De derde opdracht maakt gebruik van de cmdlet Get-SCOMMonitor om een monitorobject op te halen en het resultaat wordt opgeslagen in de variabele met de naam $Monitor.

De vierde opdracht maakt gebruik van de cmdlet Disable-SCOMMonitor om de monitor uit te schakelen met behulp van de parameter Afdwingen. De cmdlet slaat de onderdrukking op in de variabele met de naam $MP.

Parameters

-Class

Hiermee geeft u een matrix van klasseobjecten. TypGet-Help Get-SCOMClass" voor informatie over het ophalen van een klasseobject.

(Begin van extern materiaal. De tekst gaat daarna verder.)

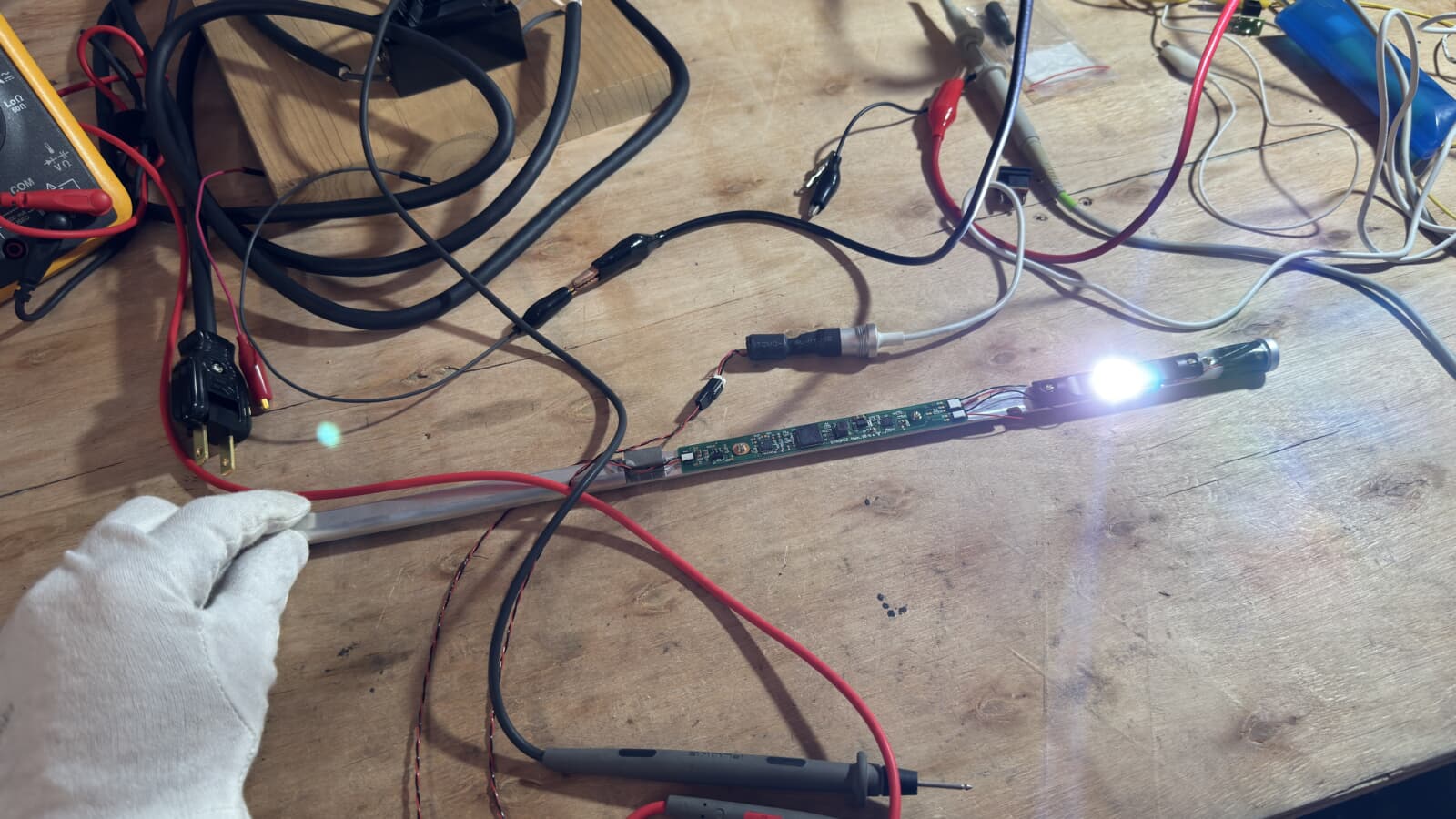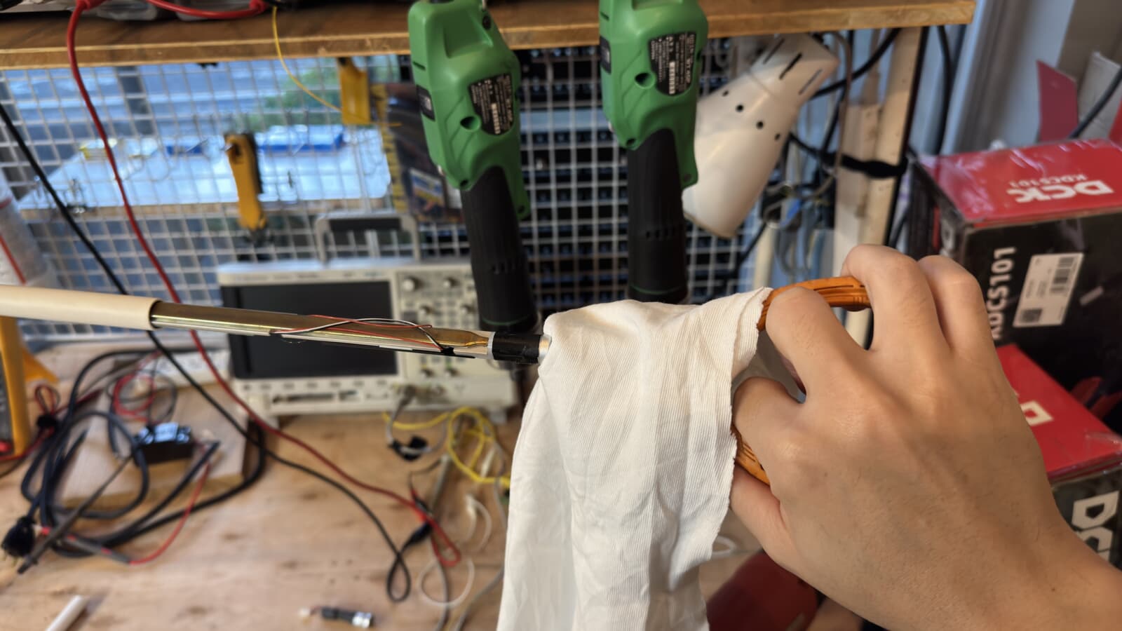 早速、STROKE2を分解します。LED、スイッチ、DCジャックはつなぎ目のない1本のパイプで構成されているので、パイプ内に収納されている回路を取り出さなければいけません。

Type:ManagementPackClass[]
Position:1
Default value:None
Vereist:True
Pijplijninvoer accepteren:False
Jokertekens accepteren:False

-Confirm

U wordt gevraagd om bevestiging voordat u de cmdlet uitvoert.

Type:SwitchParameter
Aliassen:cf
Position:Named
Default value:False
Vereist:False
Pijplijninvoer accepteren:False
Jokertekens accepteren:False

-Enforce

Geeft aan dat de cmdlet de eigenschap Afdwingen van op de onderdrukking instelt op $True.

Type:SwitchParameter
Position:3
Default value:None
Vereist:False
Pijplijninvoer accepteren:False
Jokertekens accepteren:False

-Group

Hiermee geeft u een matrix van een of meer groepsobjecten. Voor informatie over het ophalen van een groepsobject typt uGet-Help Get-SCOMGroup".

Type:MonitoringObject[]
Position:1
Default value:None
Vereist:False
Pijplijninvoer accepteren:True
Jokertekens accepteren:False

-Instance

Hiermee geeft u een matrix van klasse-exemplaarobjecten. De parameter Instance accepteert ook groepsobjecten als invoer. Voor informatie over het ophalen van een klasse-exemplaarobject typt u 'Get-Help Get-SCOMClassInstance'.

Type:MonitoringObject[]
Position:1
Default value:None
Vereist:False
Pijplijninvoer accepteren:True
Jokertekens accepteren:False

-ManagementPack

Hiermee geeft u een of meer management pack-objecten op waar u de onderdrukking kunt opslaan. Als de monitor zich in een niet-verzegeld management pack bevindt, moet u de onderdrukkingen opslaan in hetzelfde management pack. Voor informatie over het ophalen van een management pack-object typt uGet-Help Get-SCOMManagementPack".

Type:ManagementPack
Position:1
Default value:None
Vereist:True
Pijplijninvoer accepteren:False
Jokertekens accepteren:False

-Monitor

Hiermee geeft u een matrix van een of meer monitorobjecten. Voor informatie over het ophalen van een monitorobject typt uGet-Help Get-SCOMMonitor".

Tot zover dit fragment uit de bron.